What the task asks
Would you please copy all of the data exactly, skipping the images?

Exercise data
——

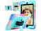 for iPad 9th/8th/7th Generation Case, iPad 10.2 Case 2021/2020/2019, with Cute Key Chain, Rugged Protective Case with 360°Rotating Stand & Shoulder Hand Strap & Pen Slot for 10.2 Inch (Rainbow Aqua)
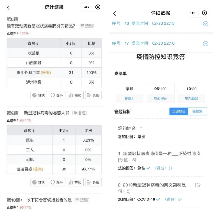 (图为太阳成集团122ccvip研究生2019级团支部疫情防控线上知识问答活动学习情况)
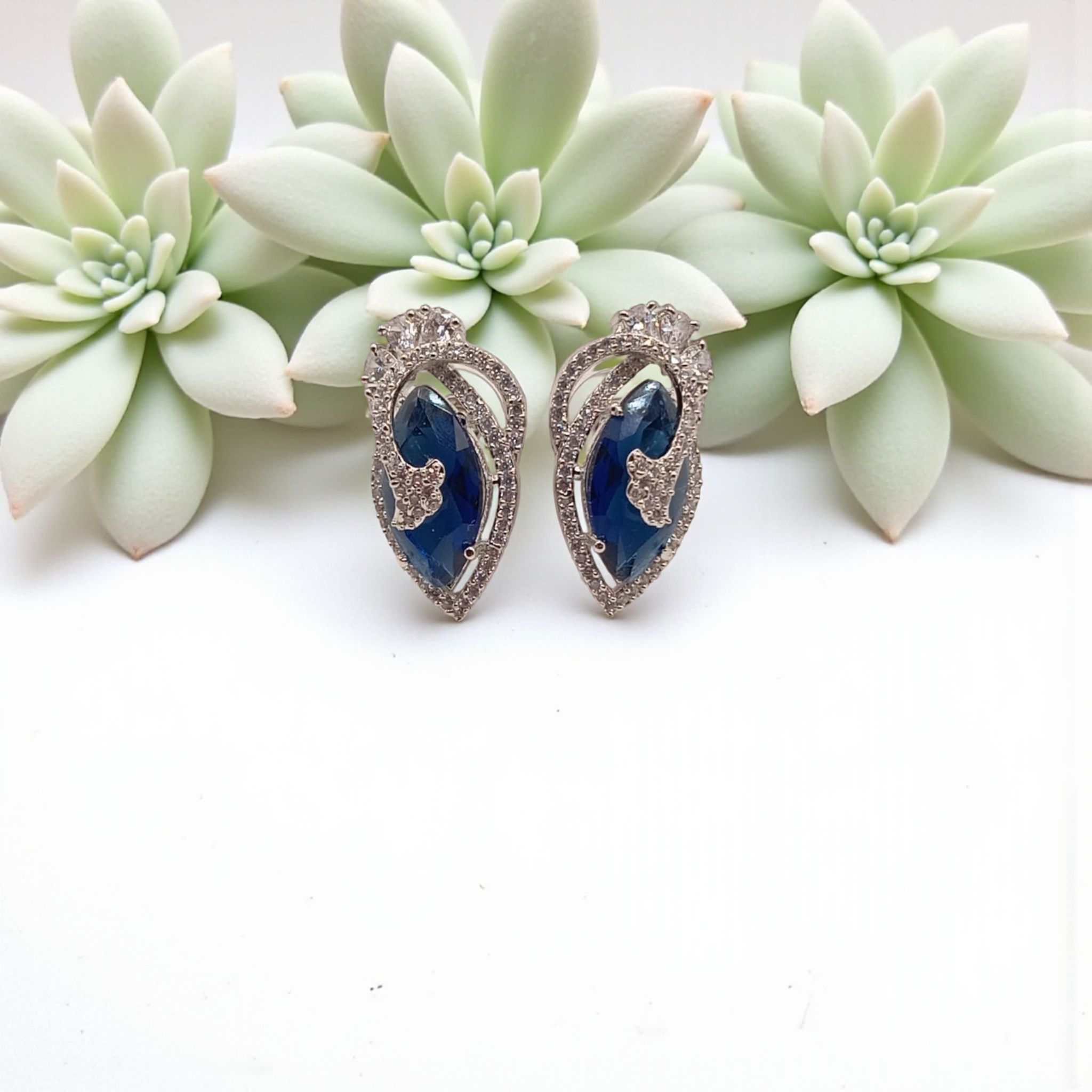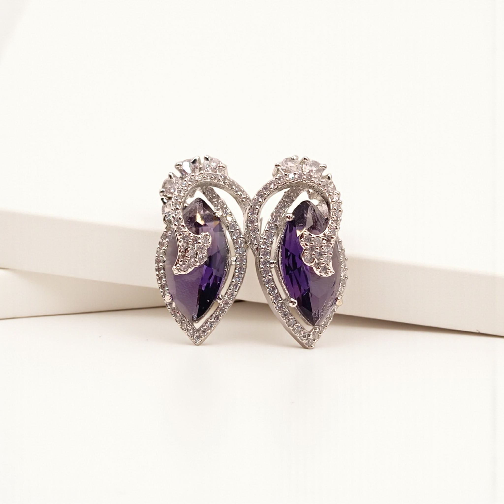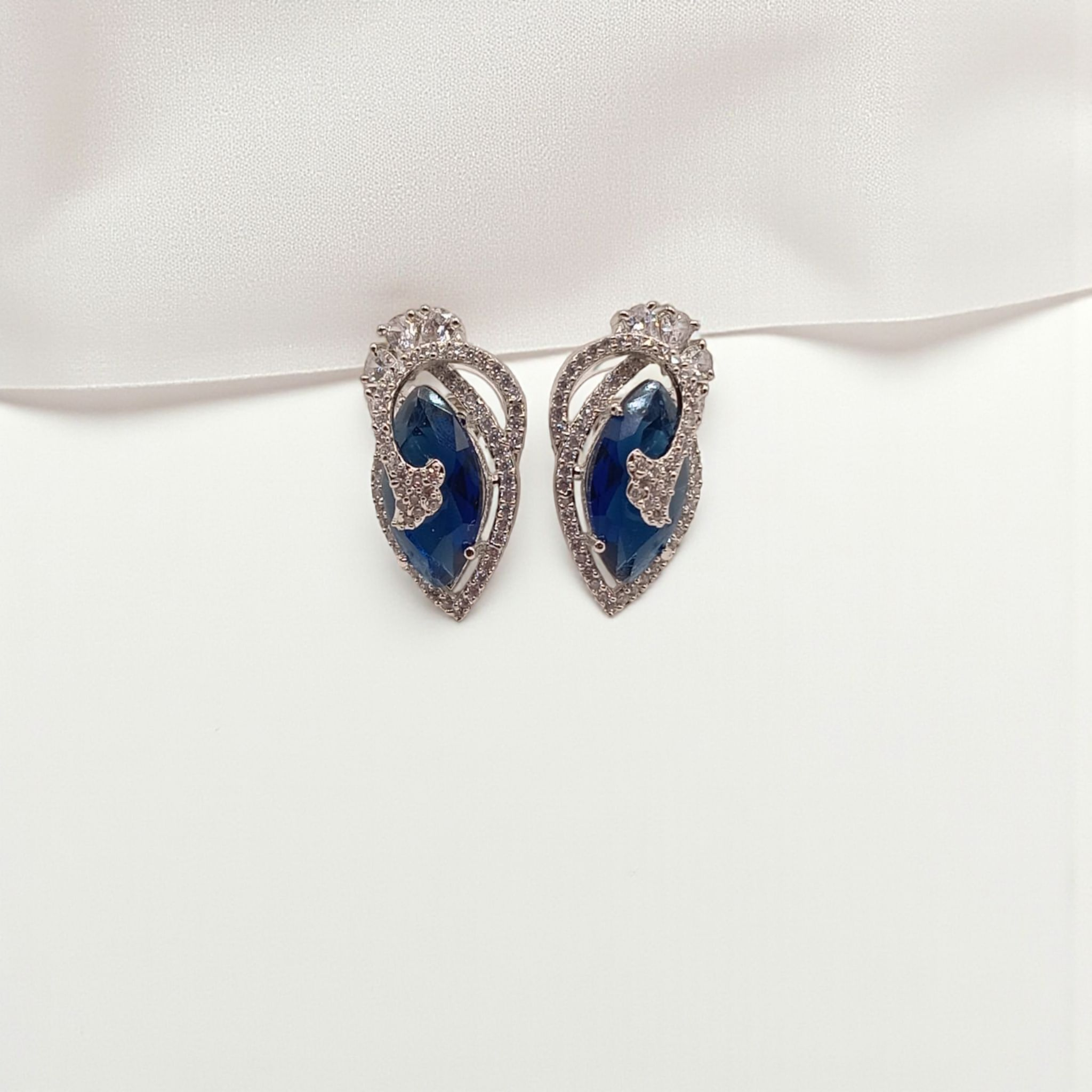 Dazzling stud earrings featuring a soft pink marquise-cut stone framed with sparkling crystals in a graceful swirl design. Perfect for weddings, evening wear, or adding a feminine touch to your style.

——

Solution below
 for iPad 9th/8th/7th Generation Case, iPad 10.2 Case 2021/2020/2019, with Cute Key Chain, Rugged Protective Case with 360°Rotating Stand & Shoulder Hand Strap & Pen Slot for 10.2 Inch (Rainbow Aqua)
 (图为太阳成集团122ccvip研究生2019级团支部疫情防控线上知识问答活动学习情况)
 Dazzling stud earrings featuring a soft pink marquise-cut stone framed with sparkling crystals in a graceful swirl design. Perfect for weddings, evening wear, or adding a feminine touch to your style.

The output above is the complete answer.